Sangfor Technologies ha introdotto nella propria piattaforma di infrastruttura iperconvergente un nuovo motore per le operazioni di cold migration e cloning delle macchine virtuali. La tecnologia, denominata qemu-cp, sostituisce il precedente strumento di trasferimento impiegato da Sangfor HCI e punta a ridurre sensibilmente i tempi necessari per copiare le immagini disco tra host e sistemi di storage.
Secondo i test comparativi condotti dall’azienda in laboratorio, il nuovo motore completa il trasferimento dei dischi delle macchine virtuali fino a cinque volte più velocemente rispetto al flusso di lavoro nativo di VMware. Le prove sono state effettuate affiancando le due soluzioni e utilizzando dischi con capacità comprese tra 500 GB e 3.072 GB.
Il miglioramento interessa un’attività poco visibile agli utenti, ma centrale nella gestione quotidiana dei data center: spostare o duplicare una macchina virtuale riducendo il più possibile il periodo durante il quale applicazioni e servizi devono rimanere indisponibili.
Perché la cold migration incide sui tempi di manutenzione
Una macchina virtuale racchiude in forma software un sistema operativo, le applicazioni e i relativi dati. Quando un’organizzazione sostituisce i server, rinnova la propria piattaforma di virtualizzazione o riequilibra i carichi di lavoro, può essere necessario trasferire l’intera immagine disco da un’infrastruttura a un’altra.
Con la cold migration, la macchina virtuale viene arrestata prima del trasferimento. La procedura offre il vantaggio di lavorare su dati non soggetti a modifiche durante la copia, ma comporta un periodo di indisponibilità. Il cold cloning segue un principio simile, con la differenza che crea una copia della macchina virtuale anziché trasferire l’istanza originale.

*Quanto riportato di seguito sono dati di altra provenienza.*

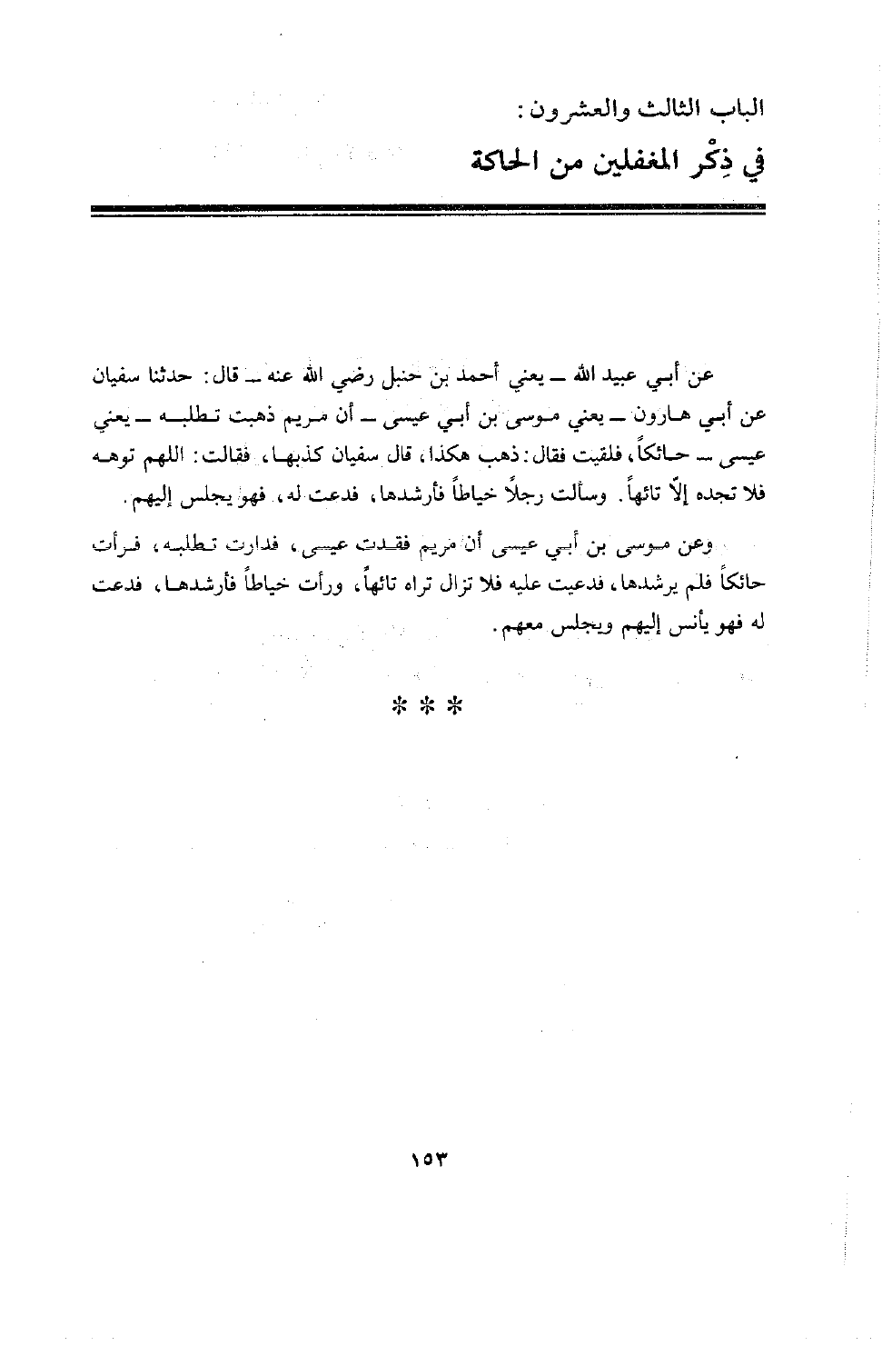 عن أبي عبد الله يعني أحمد بن حنبل رضي الله عنه قال: حدثنا سفيان عن أبي هرون يعني موسى بن أبي عيسى أن مريم ذهبت تطلبه يعني عيى فلقيت حائكاً فقال: ذهب هكذا، قال سفيان: كذبها، فقالت: اللهم توهه. فلا تجده إلا تائهاً. وسألت رجلاً خياطاً فأرشدها فدعت له فهو يجلس إليهم.

La velocità di queste operazioni diventa quindi determinante: più a lungo dura il trasferimento, più ampia deve essere la finestra di manutenzione riservata dai responsabili IT. Il problema assume proporzioni ancora maggiori nei progetti che comprendono centinaia di macchine virtuali e grandi quantità di dati.
Sangfor sostiene che, grazie al nuovo motore, macchine virtuali aziendali di dimensioni standard che in precedenza richiedevano diverse ore di fermo possano essere migrate in meno di 20 minuti. Per le migrazioni massive da VMware a Sangfor HCI, l’azienda prospetta la possibilità di concentrare attività che potevano estendersi per settimane in un numero limitato di interventi serali programmati.
Si tratta di risultati dichiarati da Sangfor sulla base di test di laboratorio. Le prestazioni effettive possono dipendere dalla quantità di dati realmente occupati, dalle caratteristiche dello storage, dalla rete disponibile e dalla configurazione complessiva dell’infrastruttura.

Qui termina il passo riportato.